#### [Task to complete]
In the data below, find the line containing "株式会社太陽社(所在地:千葉" and the line containing "Contém: 4 Xícaras para Café de Vidro Radial.", then reproduce them and every line between, exactly. Omit pictures.

══ Records for the task

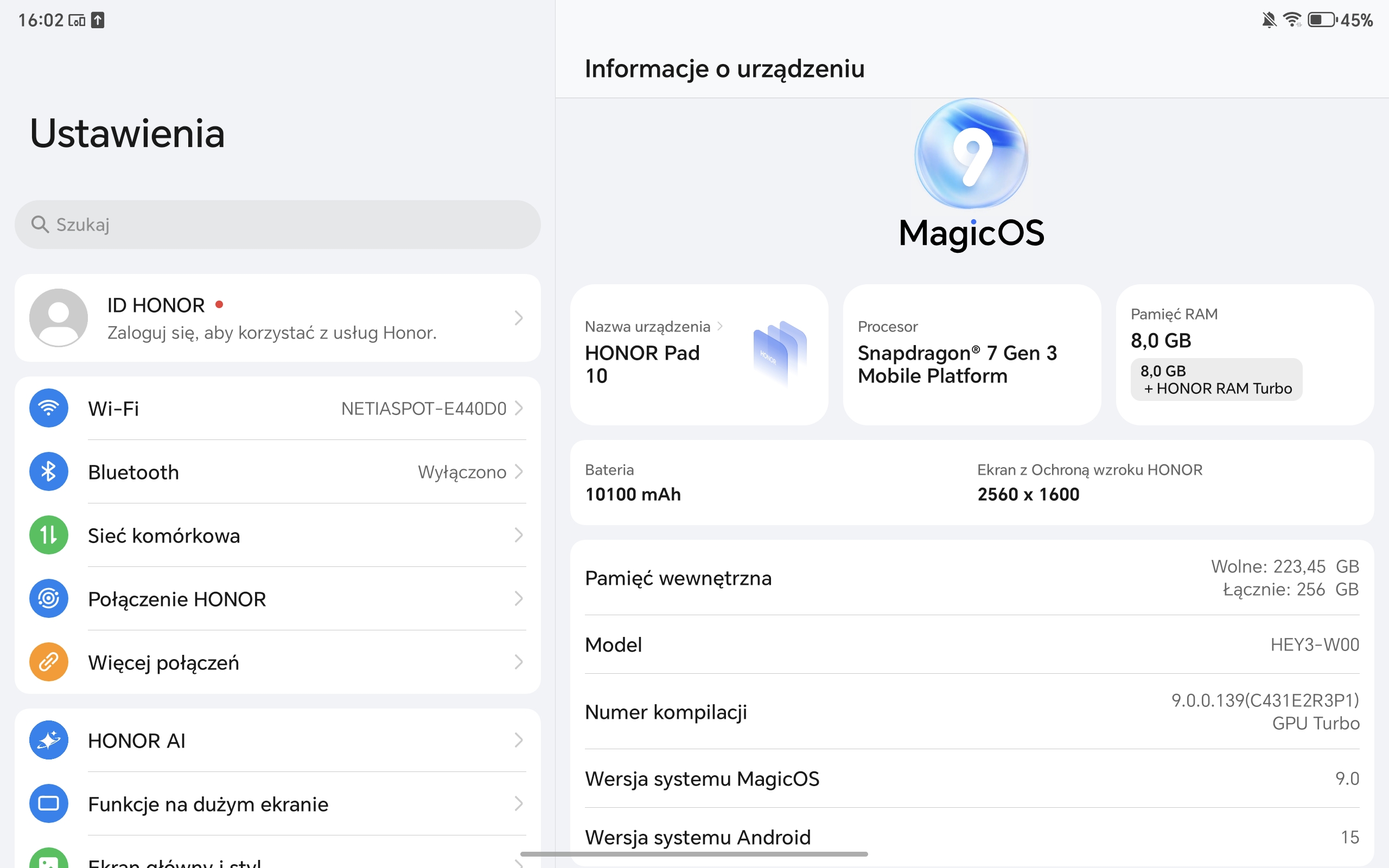 Honor Pad 10 działa w oparciu o system Android 15, ale nie czysty, bo producent narzuca na niego własny MagicOS w wersji 9.0. Całość działa płynnie i wygląda bardzo dobrze, a zastosowane rozwiązania zdecydowanie sprzyjają produktywności.
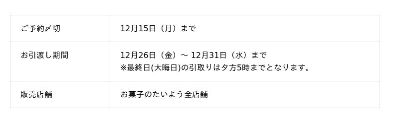 株式会社太陽社(所在地:千葉県匝瑳市飯倉293、代表取締役:片岡正裕)が展開する、千葉県で長年愛され続ける菓子店「お菓子のたいよう」では、今年も正月限定の鏡餅・のし餅・栗きんとんの予約を開始いたしました。
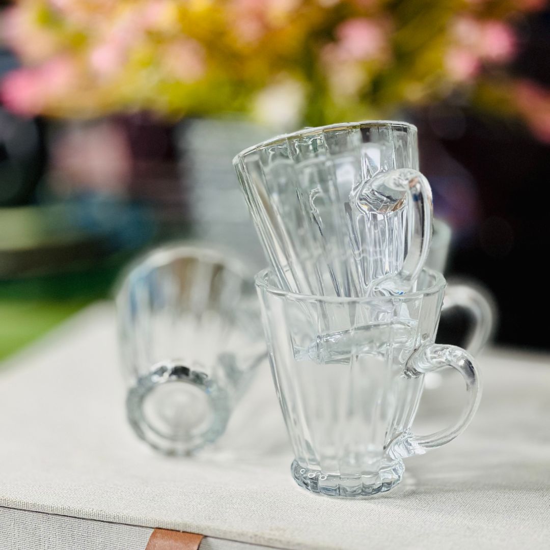 Contém: 4 Xícaras para Café de Vidro Radial.
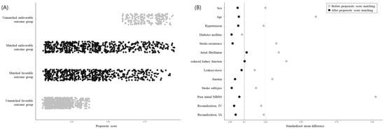 Propensity score matching (PSM) analysis was conducted to validate our findings after controlling for potential confounders. PSM was performed to balance the baseline characteristics between the groups with favorable and unfavorable outcomes. One-to-one nearest-neighbor matching without replacement was applied using a caliper width of 0.25 times the standard deviation of the propensity score’s logit. Covariate balance after matching was assessed using the standardized mean difference (SMD), where an absolute SMD value of <0.1 indicates an acceptable balance. Propensity scores were derived from a multivariable logistic regression model that incorporated the following covariates: age, sex, hypertension, diabetes mellitus, atrial fibrillation, reduced kidney function, leukocytosis, anemia, recurrent stroke, stroke subtypes, poor initial NIHSS, and recanalization therapy.
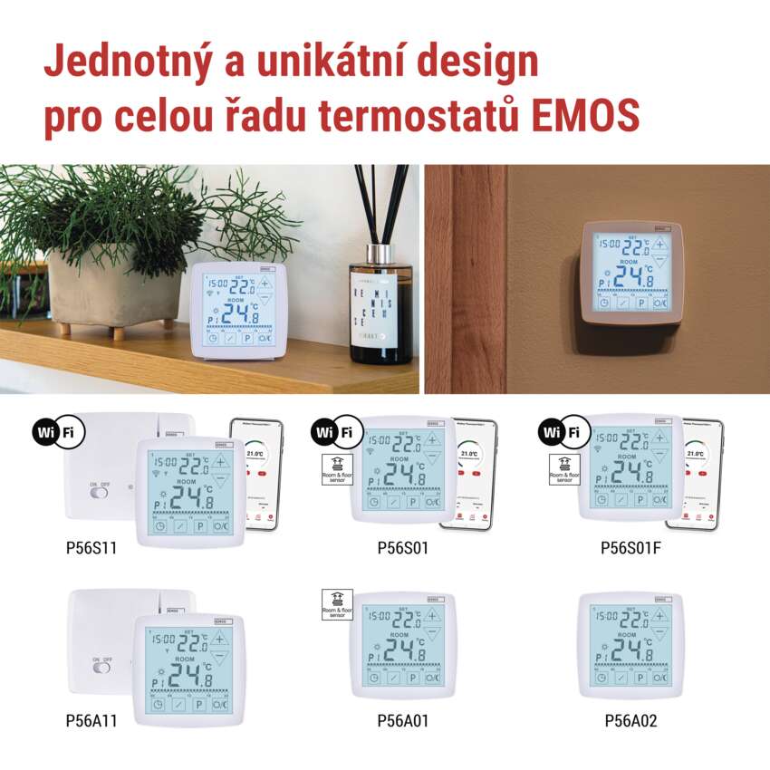 Objevte naši novou řadu termostatů – od klasických po chytré, s podlahovým čidlem nebo vestavěné, navržené v exkluzivním designu pouze pro společnost EMOS.
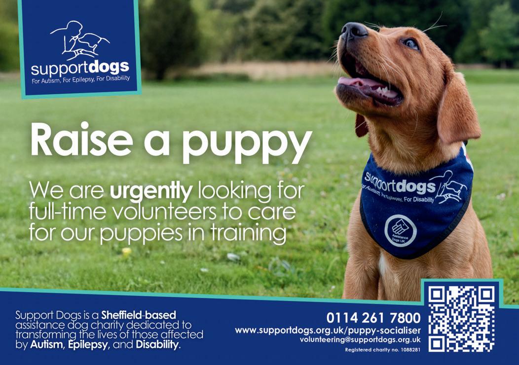 Support Dogs desperately needs more puppy socialisers. If you have time to dedicate to looking after a puppy, live within reasonable distance of their centre and have an enclosed garden, please call 0114 261 7800 or visit www.supportdogs.org.uk
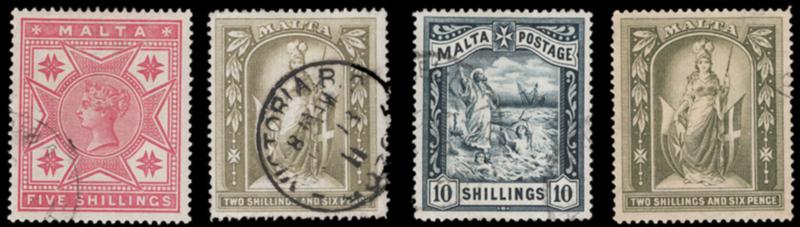 MALTA,1886-1919, 2sh6p-10sh VICTORIA HIGH VALUES USED, #14, 17-18, 64, well-centered, fresh and sound singles, very fine, cat. $328.50 (Image)
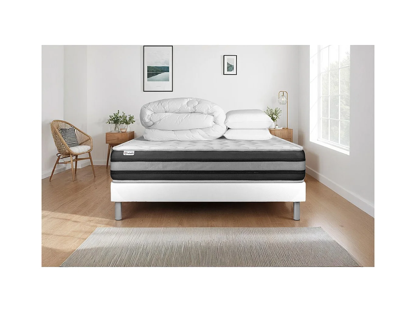 Pack prêt à dormir 160x200 matelas LANCASTER ressorts ensachés et mémoire de forme + sommier kit blanc + Couette + 2 oreillers

════

#### [Your solution]
 株式会社太陽社(所在地:千葉県匝瑳市飯倉293、代表取締役:片岡正裕)が展開する、千葉県で長年愛され続ける菓子店「お菓子のたいよう」では、今年も正月限定の鏡餅・のし餅・栗きんとんの予約を開始いたしました。
 Contém: 4 Xícaras para Café de Vidro Radial.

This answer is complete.